START ENTRIES SHOWN
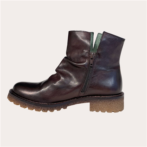 Découvrez la bottine Felmini, un modèle alliant authenticité et confort. Confectionnée en cuir souple marron foncé, elle se distingue par son effet plissé élégant sur l’empeigne qui lui confère un style casual chic. Sa semelle crantée en caoutchouc offre une excellente adhérence et un confort optimal pour vos journées actives. Grâce à sa fermeture éclair latérale, elle est facile à enfiler tout en restant parfaitement ajustée. Polyvalente, elle s’accorde aussi bien avec un jean qu’avec une robe pour un look tendance en toutes circonstances.
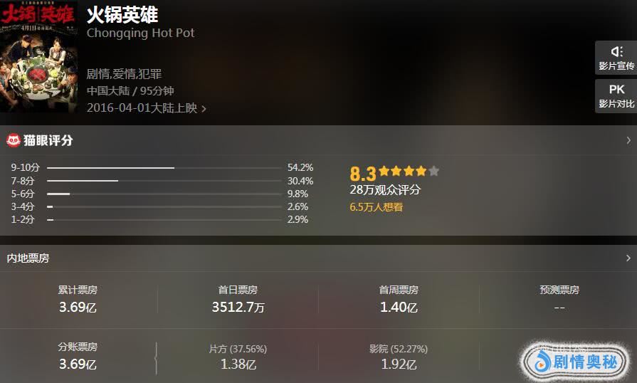 《火锅英雄》虽然是一般小成本作品,但是明星阵容却不弱,陈坤白百何都是一线巨星。该片讲述了开火锅店的三兄弟,在扩充店面时意外挖开了银行金库,由此展开了一个“惊天大案”的故事。影片上映后票房十分火爆,首日收3512万,首周进账1.4亿,最终票房狂轰了3.69亿元。
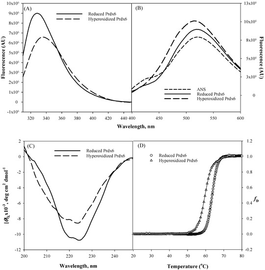 Tryptophan fluorescence (A), 8-Anilinonaphthalene-1-sulfonate (ANS) fluorescence (B), Far-Ultraviolet (UV) Circular Dichroism CD (C) measurements, and normalized thermal-induced denaturation curves (D) of reduced Prdx6 and hyperoxidized Prdx6. All measurements were done at pH 7.4 (50 mM Tris-HCl, 100 mM NaCl) and at 25 °C. Thermal denaturation was recorded following changes in [θ]220 from 20 °C to 80 °C at a rate of 1 °C/min. All spectra are the mean of three independent experiments.
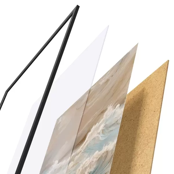 El póster consta de marco, plexiglás, imagen impresa y soporte de aglomerado. El póster puede colgarse inmediatamente en la pared gracias a los soportes de la parte posterior.
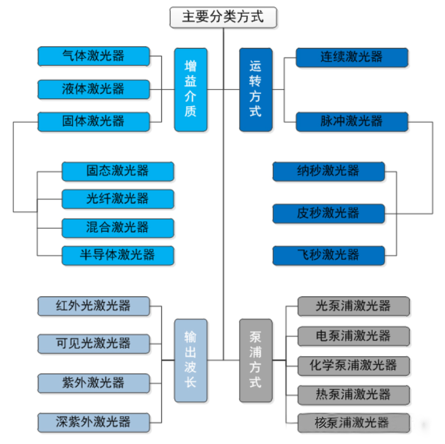 激光器種類繁多,分類標(biāo)準(zhǔn)各異,但以增益介質(zhì)、運(yùn)轉(zhuǎn)方式、泵浦方式和輸出波長(zhǎng)為標(biāo)準(zhǔn)的分類方式 最為常見。
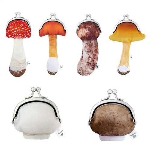 這款帶有濃濃惡趣味的小錢包,以各種仿真菇類作為造型,共有六款,分別是三款毒菇與三款可食用菇,包含:
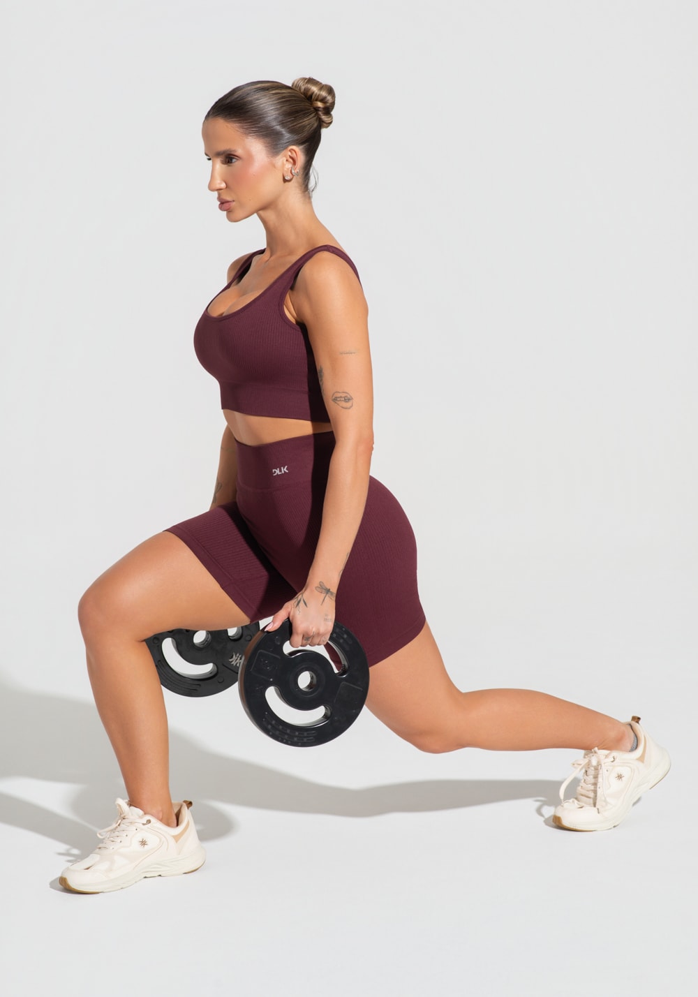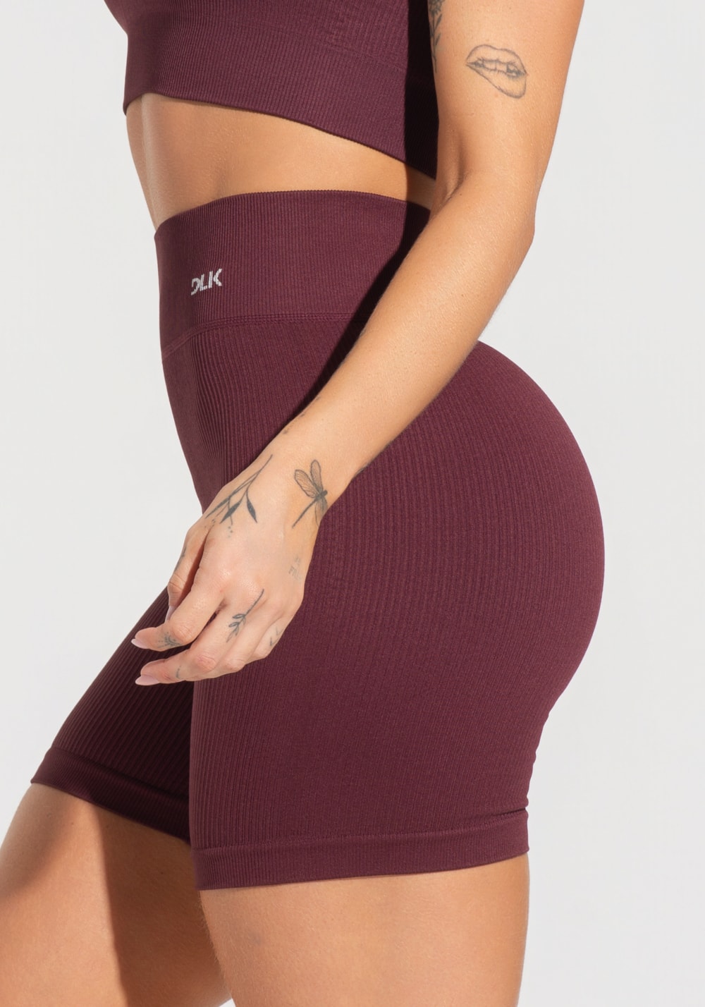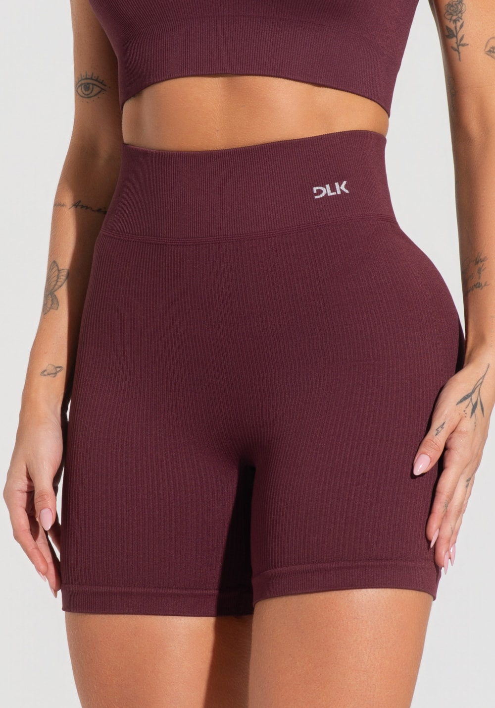 Bermuda fitness feminina vinho canelada com cós alto seamless+ dlk
END ENTRIES SHOWN
▶ **EXERCISE PROMPT**:
Would you please print only the lines running from the one with "El póster consta" to the final line of the entries above, exactly as written and without pictures?

▶ **YOUR SOLUTION**:
 El póster consta de marco, plexiglás, imagen impresa y soporte de aglomerado. El póster puede colgarse inmediatamente en la pared gracias a los soportes de la parte posterior.
 激光器種類繁多,分類標(biāo)準(zhǔn)各異,但以增益介質(zhì)、運(yùn)轉(zhuǎn)方式、泵浦方式和輸出波長(zhǎng)為標(biāo)準(zhǔn)的分類方式 最為常見。
 這款帶有濃濃惡趣味的小錢包,以各種仿真菇類作為造型,共有六款,分別是三款毒菇與三款可食用菇,包含:
 Bermuda fitness feminina vinho canelada com cós alto seamless+ dlk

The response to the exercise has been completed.